Watching and listening to Patrick Warburton snap off deadpan one-liners can be a saving grace of any not-so-great sitcom.

It also helps to have talented Carrie Preston in the house as Warburton’s newest TV wife. Together they put a fair amount of zing into NBC’s New York City-set Crowded, which otherwise has a thoroughly shopworn premise and an increasingly outdated laugh track.

It premieres at 10 p.m. ET Tuesday with back-to-back episodes before moving to its regular Sunday, 9:30 p.m. ET slot.

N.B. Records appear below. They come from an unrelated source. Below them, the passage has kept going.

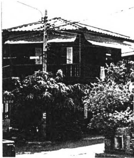
รูปที่ 5.3 สภาพชุมชนในพื้นที่แขวงบ้านพานถม
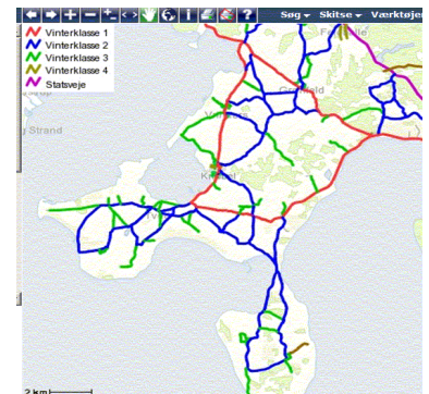
Vintervedligeholdelse reduceres på klasse 2 veje – De fleste veje på Mols / Helgenæs (Blå og grønne)
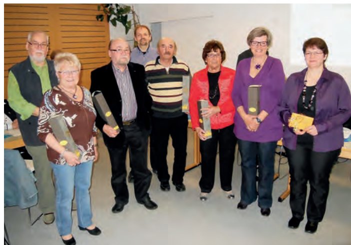
JHV Frohsinn - einige der „lückenlosen Probenbesucher“
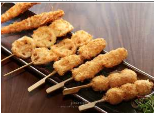
쿠시카츠 : 돼지고기와 야채를 꼬치에 꽂아 고온의 기름에 튀겨낸 것
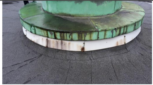
14 Bunn sokkel, gammelt beslag og kopper rives vekk og erstattes med nytt.
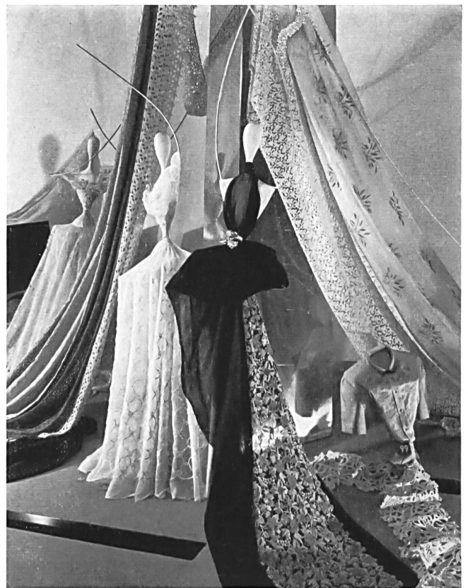
Vista de la presentación de los bordados y tejidos finos de San-Gall. Blick auf die St-Galler Stickereien und Feingewebe.

Mike and Martina Moore (Warburton, Preston) are first seen sequentially sending their two daughters off to college. “Men are like basketball players,” she warns the first. “They dribble before they shoot.”

Thud, that’s not a promising start. But the parents’ newfound and much-enjoyed freedom is jolted “Four Years Later” when both intellectual Shea (Miranda Cosgrove) and comparatively dim Stella (Mia Serafino) plead poverty and announce they’re moving back in. This for some reason also waylays the plans of Mike’s prototypically conservative/cantankerous dad and his second wife to relocate to Florida. So like Marie and Frank Barone in Everybody Loves Raymond, Bob and Alice Moore (Stacy Keach, Carlease Burke) continue to live in very close proximity, the better for them to barge in. Yeah, it’s all kind of ... crowded.

Warburton (left, with Preston), who also can be seen swaggering through those oft-aired National Car Rental commercials, has a knack for summing up situations with a modicum of words. “Don’t you get it? The fun is over,” he tells Martina in Tuesday’s first of two “sneak preview” episodes. Much of what Warburton says isn’t particularly funny on paper. But in the context of situations, it regularly rings the bell. You wait for him to close the sale with a hangdog lament.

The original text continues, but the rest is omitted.